• [WHAT THE EXERCISE ASKS] Go through the listing below and write out exactly the lines from the one that mentions "8月24日,公司党委书记、董" through the one that mentions "10月14日,执行神舟十三号", minus the pictures.

• [DATA FOR REVIEW]
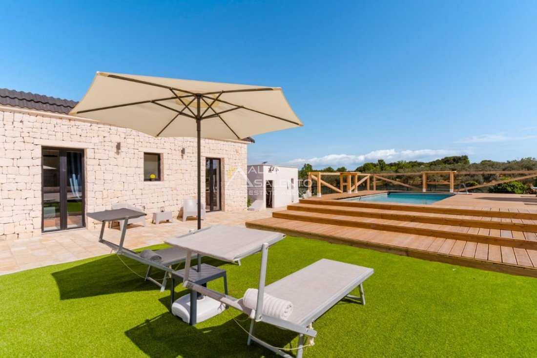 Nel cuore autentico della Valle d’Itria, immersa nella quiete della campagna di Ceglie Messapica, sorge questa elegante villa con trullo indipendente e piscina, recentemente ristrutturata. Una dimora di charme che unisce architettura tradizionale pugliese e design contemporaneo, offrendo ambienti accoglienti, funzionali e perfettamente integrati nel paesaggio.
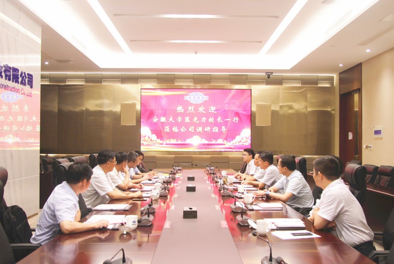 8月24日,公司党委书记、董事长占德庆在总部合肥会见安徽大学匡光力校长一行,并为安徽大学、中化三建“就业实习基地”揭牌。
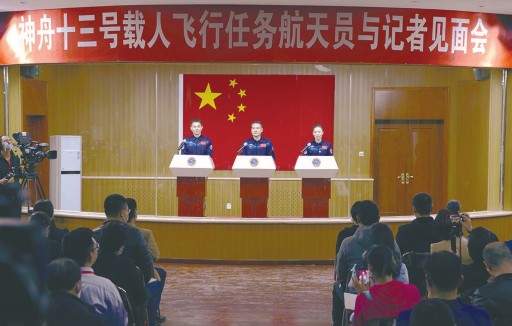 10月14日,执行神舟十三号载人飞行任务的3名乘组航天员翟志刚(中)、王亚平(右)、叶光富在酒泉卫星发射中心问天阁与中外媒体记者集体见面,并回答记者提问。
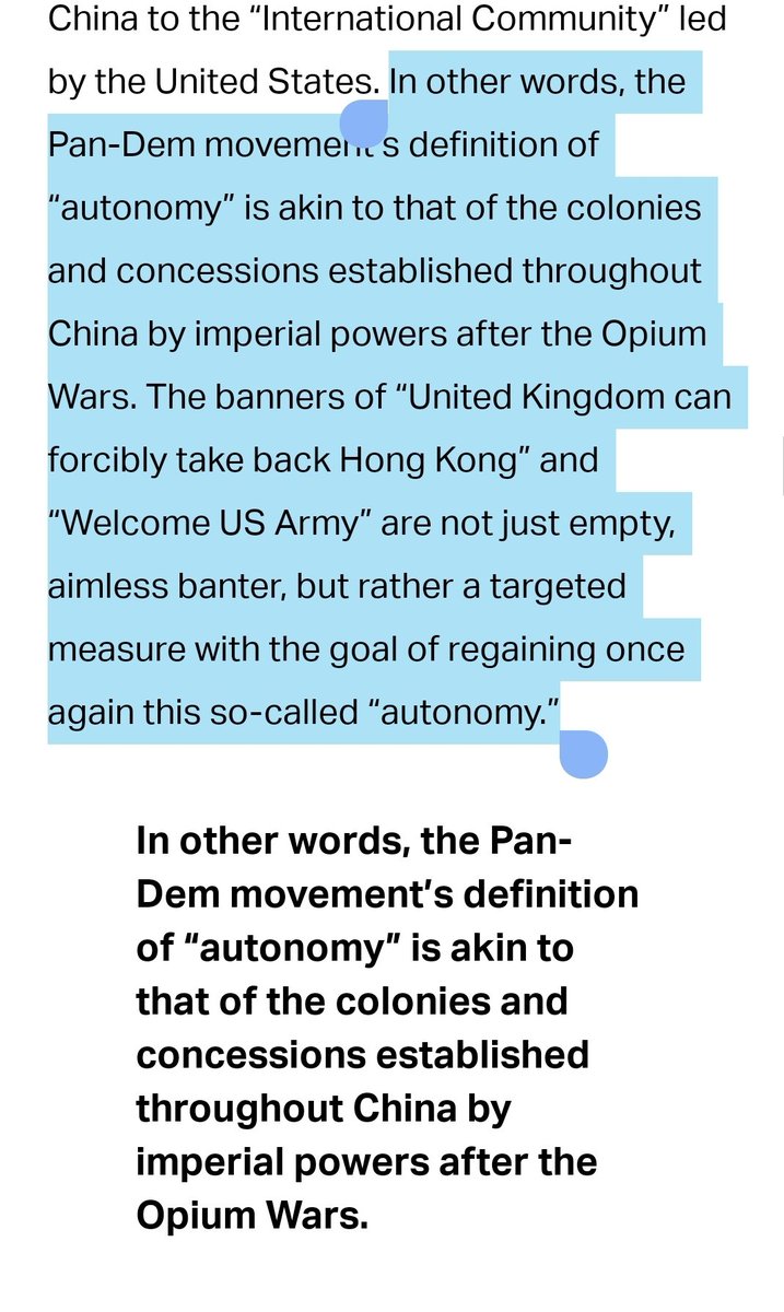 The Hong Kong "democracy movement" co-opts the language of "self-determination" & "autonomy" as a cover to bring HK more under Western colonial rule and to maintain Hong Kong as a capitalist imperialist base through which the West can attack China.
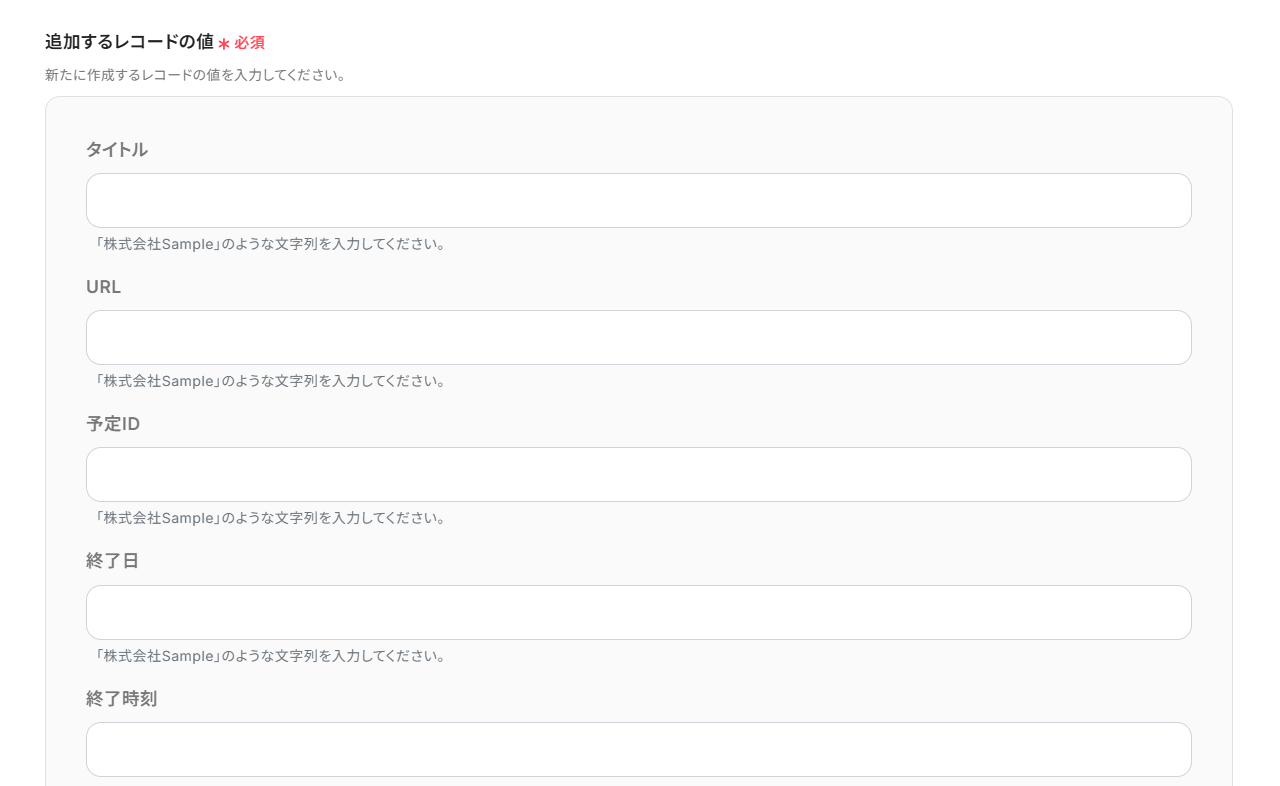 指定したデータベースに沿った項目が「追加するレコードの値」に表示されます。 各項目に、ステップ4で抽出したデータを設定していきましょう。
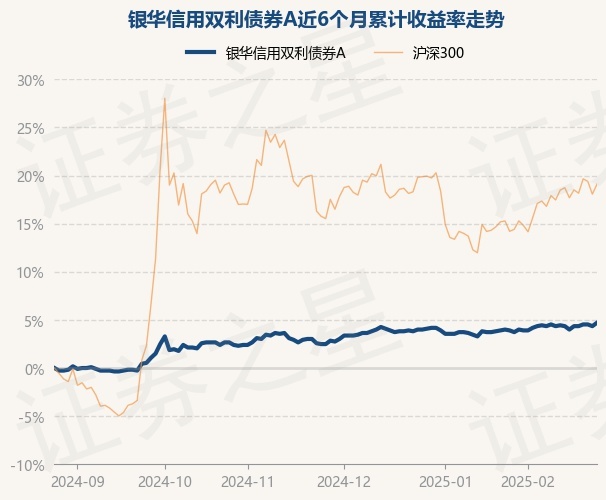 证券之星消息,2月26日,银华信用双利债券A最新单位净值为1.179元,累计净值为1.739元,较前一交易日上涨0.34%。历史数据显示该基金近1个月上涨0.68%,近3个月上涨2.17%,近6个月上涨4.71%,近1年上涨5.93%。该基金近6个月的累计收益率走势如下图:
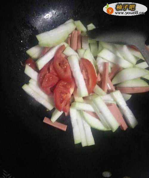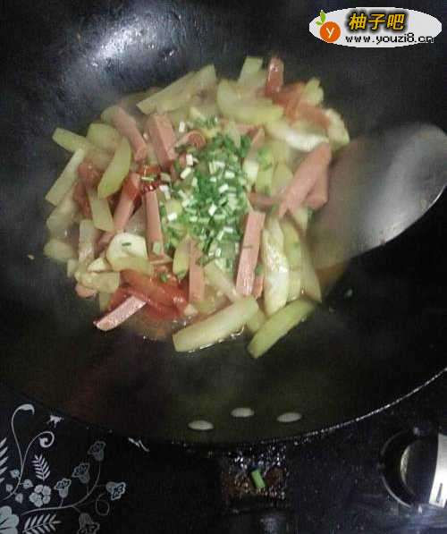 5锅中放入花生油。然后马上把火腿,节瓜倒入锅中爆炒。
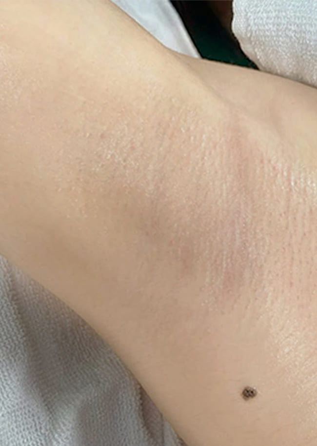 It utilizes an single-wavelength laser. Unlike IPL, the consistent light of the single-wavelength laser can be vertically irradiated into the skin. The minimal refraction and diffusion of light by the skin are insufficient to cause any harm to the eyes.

==

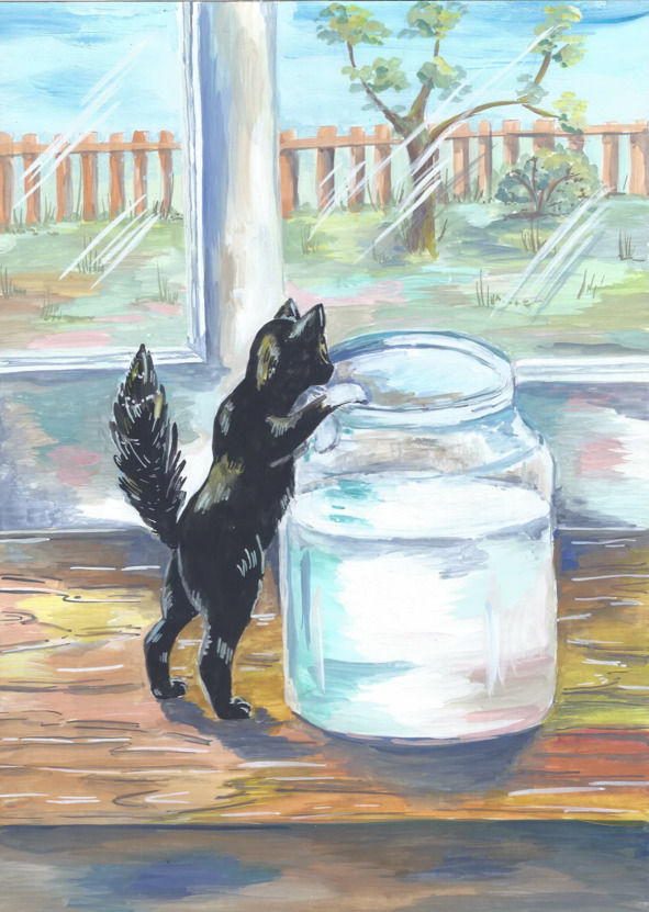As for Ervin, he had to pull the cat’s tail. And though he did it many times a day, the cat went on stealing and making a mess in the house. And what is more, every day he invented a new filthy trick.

• [ANSWER TO THE EXERCISE]
 8月24日,公司党委书记、董事长占德庆在总部合肥会见安徽大学匡光力校长一行,并为安徽大学、中化三建“就业实习基地”揭牌。
 10月14日,执行神舟十三号载人飞行任务的3名乘组航天员翟志刚(中)、王亚平(右)、叶光富在酒泉卫星发射中心问天阁与中外媒体记者集体见面,并回答记者提问。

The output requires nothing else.